Володя раздал комбайнерам огнетушители, на каждую машину по два, и доски с красной печатной строкой: «Жатве 1981 года ударный труд!»
— Повесьте! Без этого в поле не выезжать. — И совсем буднично: — Рязань, ты поезжай на Выполех, будешь косить на свал.
И Саша, взяв под козырек и стукнув как можно сильнее каблуками, полез на комбайн.
Я помню, как на эти земли в день жатвы приезжало из района начальство, специально распределяли на бюро райкома, кто в какой колхоз поедет. На поле, с которого предстояло начать жатву, приплетались старики, бежали дети, шла молодежь. Вся деревня, все село собиралось. И совершалось какое-то таинство, которое долго еще держало душу возвышенно, и хотелось делать и делать добро, и люди, те что жали всю ту пору, становились необыкновенными людьми. И этот традиционный праздник, это таинство сохраняло в них азартный и чистый дух, не позволяя в чем-либо унизиться, пока силы и труд прикасались к хлебу.
Саня выехал в поле и одиноко ползал по нему до восьми часов.
Накосил всего три гектара. Часто останавливался, отлаживал комбайн, менял что-то, что-то перетягивал.
Нарядчица спросила на следующее утро бригадира Комплексной бригады Андреича:
— Жатву-то показывать в сводку?
— А то как же?
— Сколько скосил?
Саня стоял рядом и улыбался. Открыл рот, чтобы ответить, но Андреич опередил:
— Пиши пятнадцать гектар!
Саша так и остался с открытым ртом, стараясь справиться с правдой, которая готова была сорваться с языка. Справился, принял гордый, осанистый вид, хотя что такое пятнадцать гектаров для нивы? Но все-таки пятнадцать не три! И ребенку ясно.
— Знаешь как намучился?
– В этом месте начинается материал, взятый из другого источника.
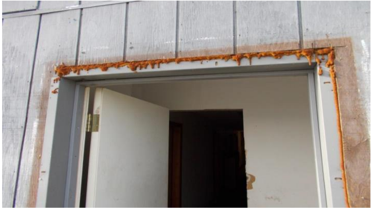
Figure 2. This was one of the older doors on the lodge, insulated around the frame but still with numerous air leaks around the entire frame and UV rays are reducing the effectiveness of the insulation

An array of options for the community were discussed including renewable energy, energy efficiency, community infrastructure needs and the high cost of heating and electrifying the Lakeview Lodge. After collecting information on all of the community's options over the next few months, the tribal council selected the 10,000 sq ft Lakeview Lodge as their main focus for the project funds. The Lodge is home to the main tribal offices, elders nutrition program, IGAP program, school lunch program, tribal operations, tribal transportation and the Indian Child Welfare Act (ICWA) program. It was agreed IRHA would put together a proposal for the project, the DOE would contribute $250k for weatherization and energy efficiency and the tribe would match the DOE share with $113,158 from a state of Alaska Capital Improvement Project (CIP) and donated in-kind staff time. The final product would be a complete weatherization of the lodge and hopefully a 30-50% reduction in energy costs.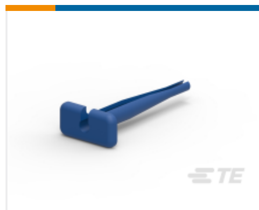
TE Part #0411-204-1605 EXT TOOL, SIZE 16, 16-18 AWG, N, DRK BLU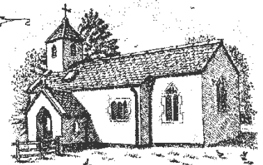
St Bartholomew Rodhuish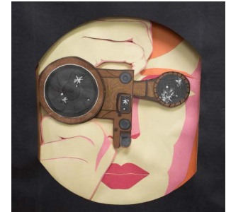
"Captured" Elaina Llewellyn, RHS Best of Show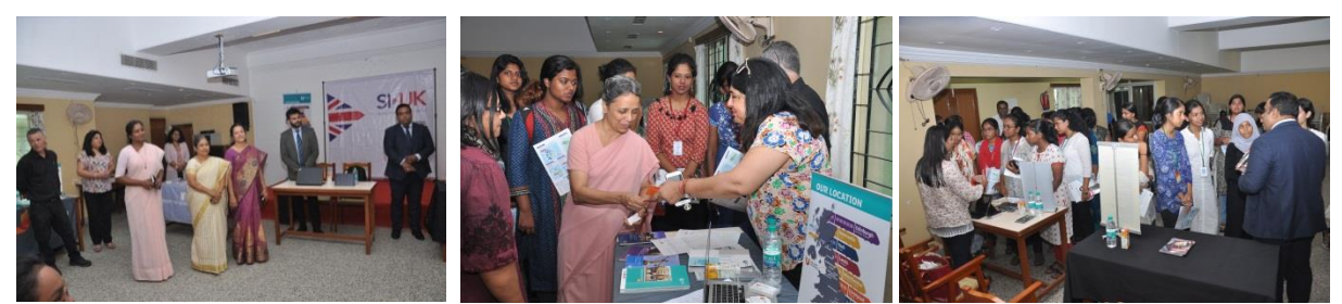
UK Education Fair at Stella Maris college was organised on July 12, 2018 representing Universities from UK namely University of Leeds, Coventry University, Northumbria University, London Metropolitan University, Teesside University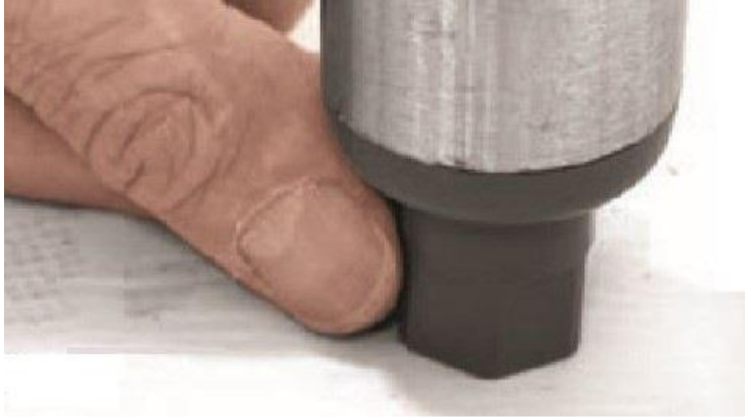
Figure 5 - Adjusting the Bullet Feet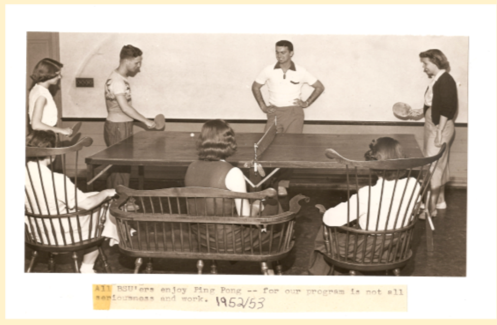
"All BSUers enjoy Ping Pong— for our program is not all seriousness and work."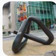
◀ Noguchi by Arturo Luz, Ayala Museum*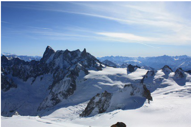
Les Grandes Jorasses & la vallée blanche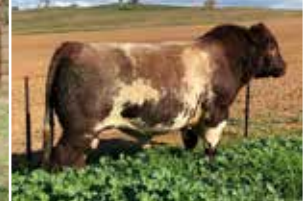
Royalla Rockstar K274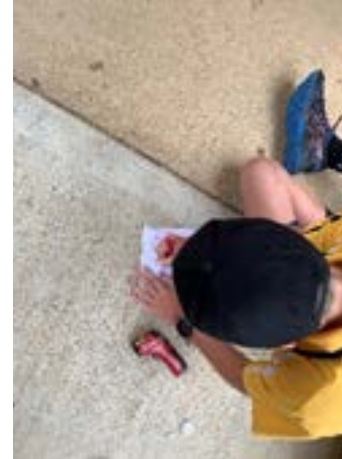
Year 9 Geography undertaking Geography field work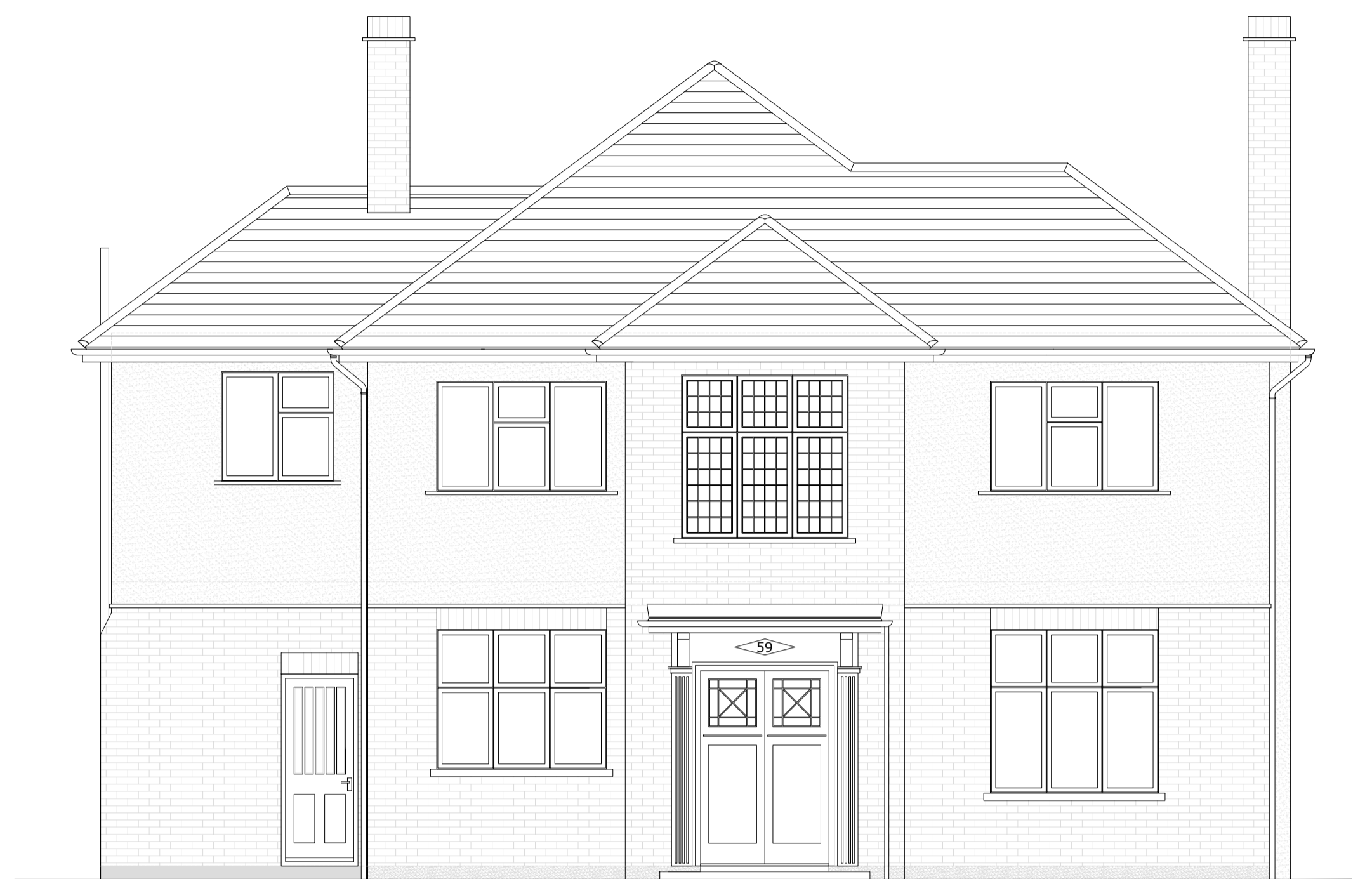
PROPOSED FRONT ELEVATION (GUIBAL ROAD) no changes SCALE: 1:50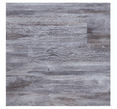
TAJ-6024SE-F Stonehenge 7" x 48", 3mm/20mil 490 SF | $1.25 per SF

SCAN TO VIEW THE COLLECTION ON tajflooring.com OR CLICK HERE >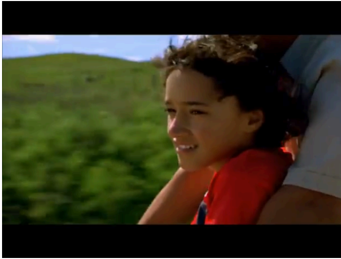
Fig. 1: During the first half of the film, the grandfather picks Paikea up from school on his bicycle.

Ребра ноют, — сказал неожиданно и заулыбался.
— Ладно, замолчи, — отмахнулась нарядчица. — Я, Андреич, у него в шесть вечера была, и двух гектаров не скосил.
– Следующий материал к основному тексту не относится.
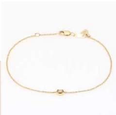
Sparkling 1800187 in 9k YG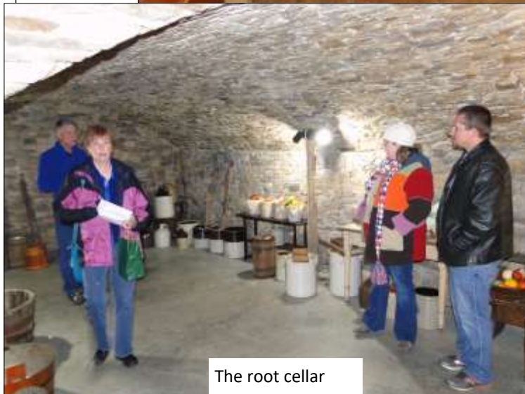
The root cellar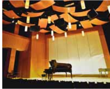
The stage at Antonello Hall in MacPhail Center for the Arts.

The Bakken Trio chamber ensemble mixes it up with dance, theater and percussion this season in its new venue, the gorgeous Antonello Hall in MacPhail Center for the Arts (501 Second Street in downtown Minneapolis near the Mill City Museum and the Guthrie Theater). The 30-year old chamber music group imaginatively uses its new format of curator-designed music experiences to forge an eclectic series bursting with flavor and sensation.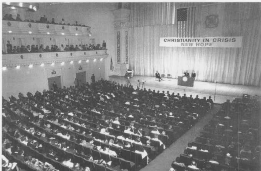
Though at the time he spoke almost no English, with the help of an interpreter he embarked on a seven-city speaking tour of the US, here in Carnegie Hal in 1973.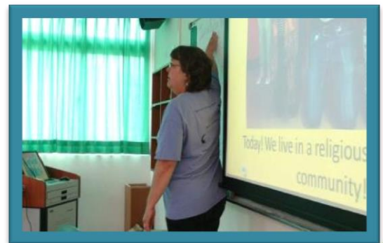
Living in a religious diverse world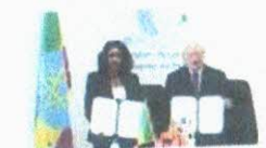
MOU with the Ministry of Peace Federal Democratic Republic of Ethiopia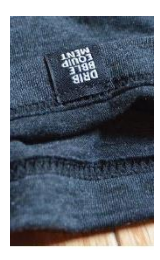
Recyclable Woven Label

Custom woven labels can be easily removed from garments without damaging the fabric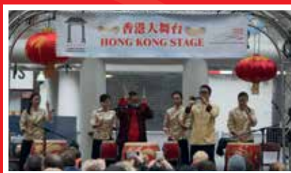
Above: London, United Kingdom The Hong Kong Drum Ensemble performs on the "Hong Kong Stage", supported by the HKETO, in Charing Cross Road.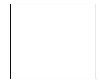
#ffffff CMYK: 0, 0, 0, 0 RGB: 255, 255, 255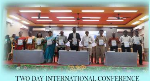
TWO DAY INTERNATIONAL CONFERENCE DEPARTMENT OF COMMERCE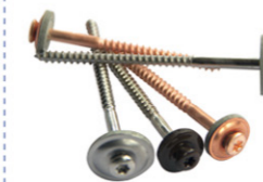
Wood decking screw

Саня весело подмигнул Андреичу:
— Я дотемна валил.
— Валил, валил! — сказал Андреич. — Пиши в сводку пятнадцать гектар.
Володя одернул свой пиджачок, в разговоре этом он не участвовал, заполняя путевые листы.
— Поезжай и вали нынче до вечера, — сказал Андреич Сане.
— Это как же до вечера, Андреич? Нынче до двенадцати всех комбайнеров собирают на семинар. Будут учить всех новому...
— Я сказал, будешь валить, о новостях тебе ребята расскажут.
— Ладно, — легко согласился Саня и, скорчившись, застонал: — Ох, Егоровна, наломался, и ребра и поясница болят, вот навалялся вчера.
— С чего болят, каждому известно... И чего навалял, тоже все знают, — нарядчица вписала в сводку пятнадцать гектаров.
Этой весной Саня породнился с Николаем Егоровичем. Тот перешел жить к его сестре в соседний совхоз.
— С тремя бабу взял, — гордо говорил, слегка подвыпив. — Буду растить, воспитывать.
Несколько недель они с Саней не разлей водой были, гостевали друг у друга.
Николай Егорович взял расчет в совхозе и подался в строители-монтажники жилитной конторы.
Навестить свояка Саша приехал как-то на тракторе. Возвращался из гостей поздно, а утром Володя сообщил мне:
— Убился Рязань!
— Как?
— В больнице. Перелом ребер, кажется, позвоночника... Трактор под яром в реке лежит...
Увиделись мы с Сашей спустя три месяца.
— Здравия желаю, — взял под козырек сразу двумя руками. Он был улыбчивый, веселый и легкий, как всегда.
— Чем занимаешься?
— Бюллетеню.
— Поумнел?
— Очень немножко, — глаза его весело играли. Он за болезнь пополнел, и лицо его стало еще добрее и безмятежнее. — Я, Николаич, с погашенными фарами шел. Там ведь ездить запрещено. А как упал — не помню.
— Ну и что же теперь будет?
— Что? — удивился он.
— Накажут тебя?
— А я трактор восстановил... Сам, Рязань, он хитрый... — и рассмеялся.
— А где Николай Егорович теперь? — спросил я.
— Скрылся в неизвестном направлении. Оставил вдову с тремя детьми. Я такую родню не признаю, — весело ответил. — Мог бы в больницу чекушку принести, и не подумал.
— Поедем на Выпалех, посмотрим, как Рязань хлеб косит, — сказал Володя.
Мы сели в газик и запылили проселком.
Было знойно, и крепко пахли созревшие озими, пахли они влажным, аккуратной выпечки, хлебом.